* [Requirement]: Print exactly the lines from the one that contains "Además, se encuentran" through the final line of the entries below, both included, and nothing else; omit the pictures.

* [Task data]:

[Start of section]

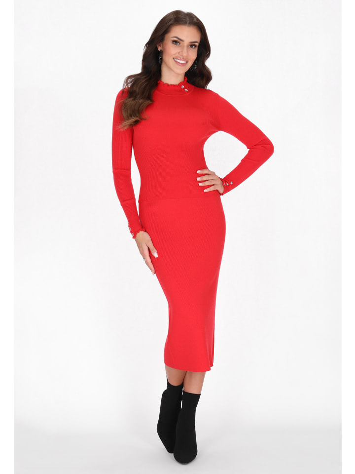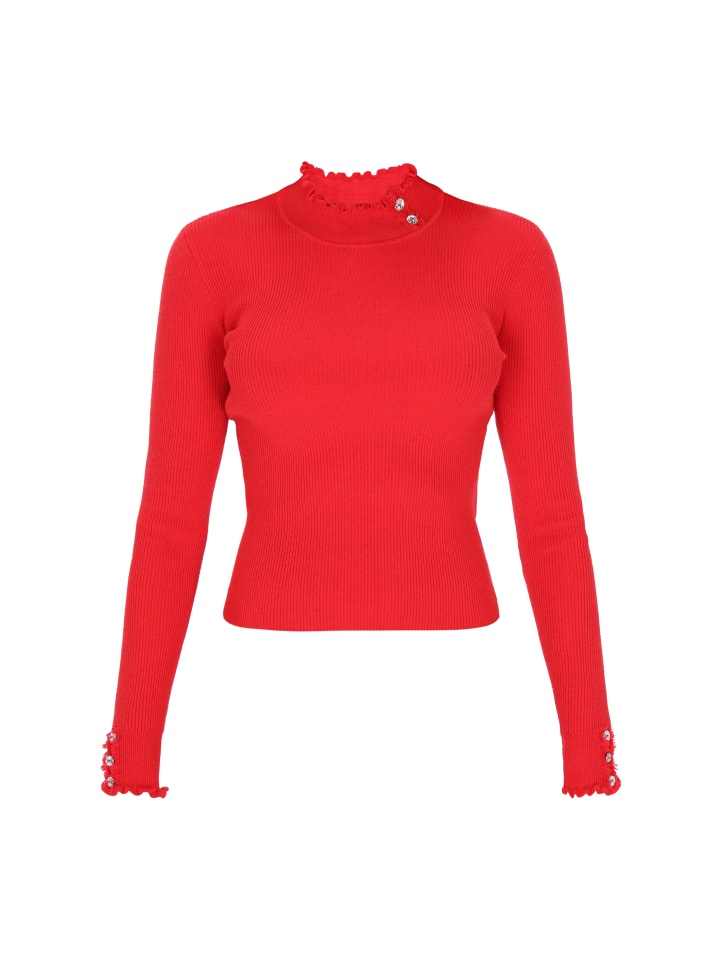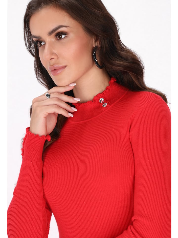 Подчеркните свой стиль с этим приталенным свитером с воротником-стойкой и длинными рукавами. Оборка и декоративные пуговицы подчеркивают элегантность, а гладкий крой делает его универсальным. Эта удобная модель из трикотажного полотна в рубчик идеально подходит для создания элегантного и в то же время повседневного образа. Этот свитер входит в коллекцию Fashion Look.
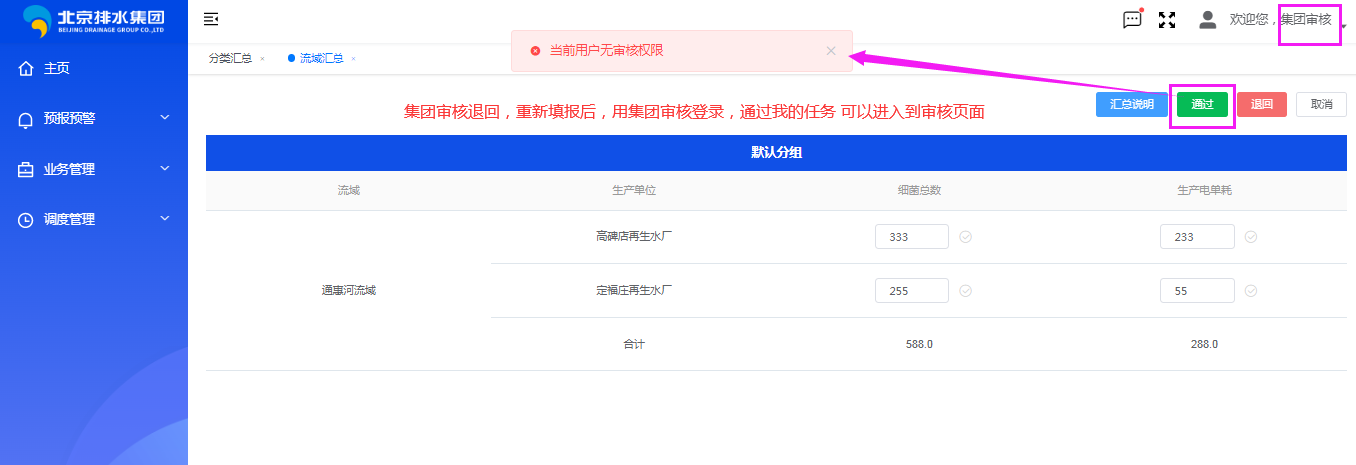 污水计划-权限问题:流域审核退回或集团审核退回,重新填报后,用集团审核登录,通过我的任务 可以进入到审核页面。
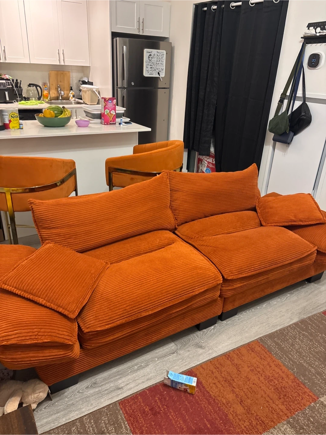 Buy & SellOrange Corduroy SofaOrange Corduroy Sofa$160Orange corduroy sofa. This couch has a corduroy fabric. It's a nice statement piece for any living room!ConditionLike newWHERE TO MEETBond Street EastView MapSELLERBrynWhitby Mall181 review1 chats·2 favorites·44 viewsSEND CHAT TO SELLERHi Bryn! I’m interested in your listing.Hi Bryn! I’m interested in your listing.Get the Karrot app to chatSign In to chat
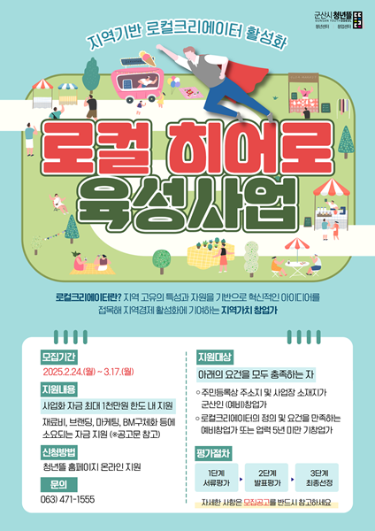 군산시 청년뜰 창업센터(이하 창업센터)가 ‘2025 로컬 히어로 육성사업’ 참여자를 모집한다.
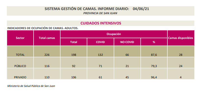 Además, se encuentran internados 303 pacientes en las áreas de COVID-19 (entre positivos y sospechosos) de los hospitales Dr. Guillermo Rawson; Dr. Marcial Quiroga; Dr. Ventura Lloveras, de Sarmiento; Dr. César Aguilar, de Caucete; Dr. José Giordano, de Albardón; Dr. Federico Cantoni, de Pocito; CEMEC; Dra. Julieta Lanteri; Hospital San Roque, de Jáchal; Hospital Dr. Alejandro Albarracín, de Valle Fértil; Hospital de Barreal, de Calingasta; Hospital Privado; Instituto Médico; Clínica El Castaño; Clínica Santa Clara; Sanatorio San Juan y CCI.
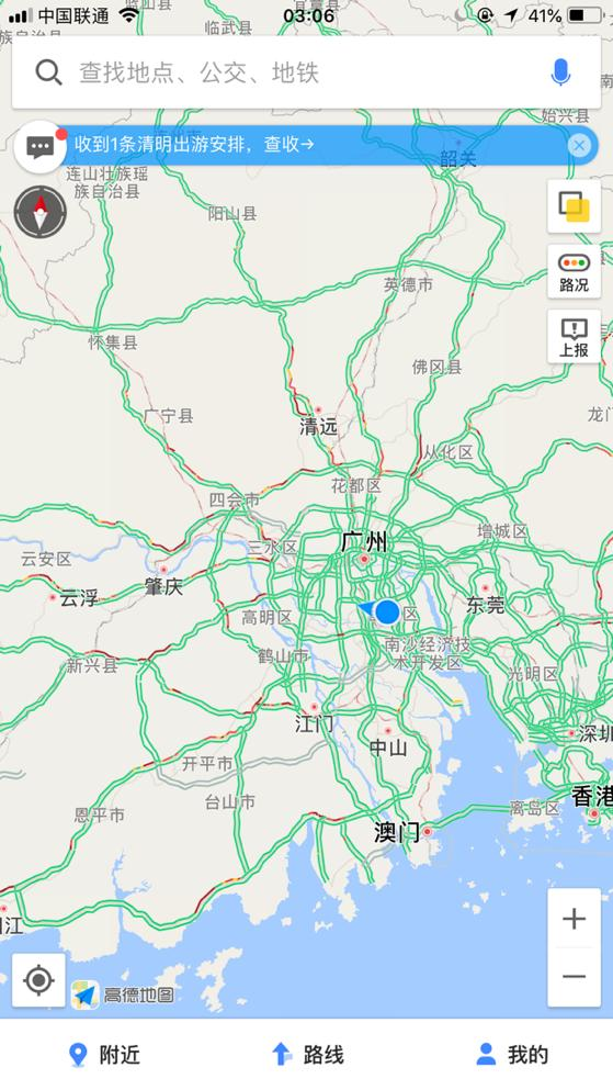 凌晨2點(diǎn)58分,北京周邊,高德地圖上看,一片綠色,讓人覺(jué)得特別舒服。

[End of section]

* [Answer to this exercise]:
 Además, se encuentran internados 303 pacientes en las áreas de COVID-19 (entre positivos y sospechosos) de los hospitales Dr. Guillermo Rawson; Dr. Marcial Quiroga; Dr. Ventura Lloveras, de Sarmiento; Dr. César Aguilar, de Caucete; Dr. José Giordano, de Albardón; Dr. Federico Cantoni, de Pocito; CEMEC; Dra. Julieta Lanteri; Hospital San Roque, de Jáchal; Hospital Dr. Alejandro Albarracín, de Valle Fértil; Hospital de Barreal, de Calingasta; Hospital Privado; Instituto Médico; Clínica El Castaño; Clínica Santa Clara; Sanatorio San Juan y CCI.
 凌晨2點(diǎn)58分,北京周邊,高德地圖上看,一片綠色,讓人覺(jué)得特別舒服。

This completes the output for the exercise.